EXERCISE MATERIALS Block Start

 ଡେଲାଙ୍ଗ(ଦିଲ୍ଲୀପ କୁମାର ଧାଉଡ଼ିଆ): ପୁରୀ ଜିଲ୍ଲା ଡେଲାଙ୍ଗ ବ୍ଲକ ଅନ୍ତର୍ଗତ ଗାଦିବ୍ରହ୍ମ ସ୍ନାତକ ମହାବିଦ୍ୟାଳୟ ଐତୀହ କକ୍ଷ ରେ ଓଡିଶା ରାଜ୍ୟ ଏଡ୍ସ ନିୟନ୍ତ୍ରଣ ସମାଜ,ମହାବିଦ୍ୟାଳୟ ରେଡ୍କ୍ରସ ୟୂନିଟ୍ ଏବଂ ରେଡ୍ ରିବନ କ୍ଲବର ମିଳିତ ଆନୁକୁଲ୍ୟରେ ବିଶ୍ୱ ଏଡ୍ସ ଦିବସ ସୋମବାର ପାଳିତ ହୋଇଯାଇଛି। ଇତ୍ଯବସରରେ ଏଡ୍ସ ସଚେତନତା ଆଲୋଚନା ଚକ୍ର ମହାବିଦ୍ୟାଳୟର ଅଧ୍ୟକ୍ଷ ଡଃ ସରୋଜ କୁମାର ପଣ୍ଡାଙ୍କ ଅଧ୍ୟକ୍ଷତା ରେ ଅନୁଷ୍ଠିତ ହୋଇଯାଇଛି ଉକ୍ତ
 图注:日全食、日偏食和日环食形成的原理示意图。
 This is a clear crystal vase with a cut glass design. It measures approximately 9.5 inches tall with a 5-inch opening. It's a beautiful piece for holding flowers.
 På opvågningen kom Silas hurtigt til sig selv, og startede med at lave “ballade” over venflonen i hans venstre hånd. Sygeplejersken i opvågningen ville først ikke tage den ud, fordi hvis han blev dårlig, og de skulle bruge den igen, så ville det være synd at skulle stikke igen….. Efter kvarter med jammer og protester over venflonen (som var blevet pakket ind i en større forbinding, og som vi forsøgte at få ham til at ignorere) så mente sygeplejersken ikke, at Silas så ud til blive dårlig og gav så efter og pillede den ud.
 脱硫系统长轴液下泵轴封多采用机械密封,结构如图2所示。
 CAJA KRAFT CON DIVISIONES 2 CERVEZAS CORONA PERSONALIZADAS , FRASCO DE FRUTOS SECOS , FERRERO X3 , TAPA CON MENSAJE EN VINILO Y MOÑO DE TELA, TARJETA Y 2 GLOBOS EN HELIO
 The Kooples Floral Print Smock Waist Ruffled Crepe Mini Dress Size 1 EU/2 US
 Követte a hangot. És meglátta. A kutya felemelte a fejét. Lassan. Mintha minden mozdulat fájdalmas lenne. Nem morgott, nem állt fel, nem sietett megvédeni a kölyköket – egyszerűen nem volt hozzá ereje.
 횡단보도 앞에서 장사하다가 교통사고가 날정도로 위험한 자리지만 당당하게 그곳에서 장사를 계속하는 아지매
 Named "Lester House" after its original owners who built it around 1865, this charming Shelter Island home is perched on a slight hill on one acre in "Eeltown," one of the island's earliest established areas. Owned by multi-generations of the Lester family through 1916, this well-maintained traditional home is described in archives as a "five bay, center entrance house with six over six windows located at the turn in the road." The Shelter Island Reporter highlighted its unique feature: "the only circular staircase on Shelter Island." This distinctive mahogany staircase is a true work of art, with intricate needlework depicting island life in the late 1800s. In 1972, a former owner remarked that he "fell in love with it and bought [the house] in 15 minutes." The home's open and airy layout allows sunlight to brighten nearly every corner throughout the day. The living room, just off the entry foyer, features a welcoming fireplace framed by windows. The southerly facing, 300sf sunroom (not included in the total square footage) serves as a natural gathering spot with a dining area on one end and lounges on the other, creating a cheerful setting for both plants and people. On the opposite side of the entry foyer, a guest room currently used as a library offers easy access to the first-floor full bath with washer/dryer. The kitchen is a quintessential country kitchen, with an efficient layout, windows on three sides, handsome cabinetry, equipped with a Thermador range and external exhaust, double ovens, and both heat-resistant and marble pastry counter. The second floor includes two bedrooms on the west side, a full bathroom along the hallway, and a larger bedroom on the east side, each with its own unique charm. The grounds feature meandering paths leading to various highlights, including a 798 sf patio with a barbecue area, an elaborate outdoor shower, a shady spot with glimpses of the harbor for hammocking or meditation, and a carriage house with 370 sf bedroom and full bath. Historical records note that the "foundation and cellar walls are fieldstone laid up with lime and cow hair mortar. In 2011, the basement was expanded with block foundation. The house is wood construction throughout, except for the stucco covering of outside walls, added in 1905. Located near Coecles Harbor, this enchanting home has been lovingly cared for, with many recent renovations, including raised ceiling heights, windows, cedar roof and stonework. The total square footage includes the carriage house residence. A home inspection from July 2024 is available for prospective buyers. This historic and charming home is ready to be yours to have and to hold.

EXERCISE MATERIALS Block End

Only the lines from the top of the data through the line that contains "图注:日全食、日偏食和日环食形成的原理示意图。" should be quoted, exactly as they stand.

● OUTPUT OF THE TASK:
 ଡେଲାଙ୍ଗ(ଦିଲ୍ଲୀପ କୁମାର ଧାଉଡ଼ିଆ): ପୁରୀ ଜିଲ୍ଲା ଡେଲାଙ୍ଗ ବ୍ଲକ ଅନ୍ତର୍ଗତ ଗାଦିବ୍ରହ୍ମ ସ୍ନାତକ ମହାବିଦ୍ୟାଳୟ ଐତୀହ କକ୍ଷ ରେ ଓଡିଶା ରାଜ୍ୟ ଏଡ୍ସ ନିୟନ୍ତ୍ରଣ ସମାଜ,ମହାବିଦ୍ୟାଳୟ ରେଡ୍କ୍ରସ ୟୂନିଟ୍ ଏବଂ ରେଡ୍ ରିବନ କ୍ଲବର ମିଳିତ ଆନୁକୁଲ୍ୟରେ ବିଶ୍ୱ ଏଡ୍ସ ଦିବସ ସୋମବାର ପାଳିତ ହୋଇଯାଇଛି। ଇତ୍ଯବସରରେ ଏଡ୍ସ ସଚେତନତା ଆଲୋଚନା ଚକ୍ର ମହାବିଦ୍ୟାଳୟର ଅଧ୍ୟକ୍ଷ ଡଃ ସରୋଜ କୁମାର ପଣ୍ଡାଙ୍କ ଅଧ୍ୟକ୍ଷତା ରେ ଅନୁଷ୍ଠିତ ହୋଇଯାଇଛି ଉକ୍ତ
 图注:日全食、日偏食和日环食形成的原理示意图。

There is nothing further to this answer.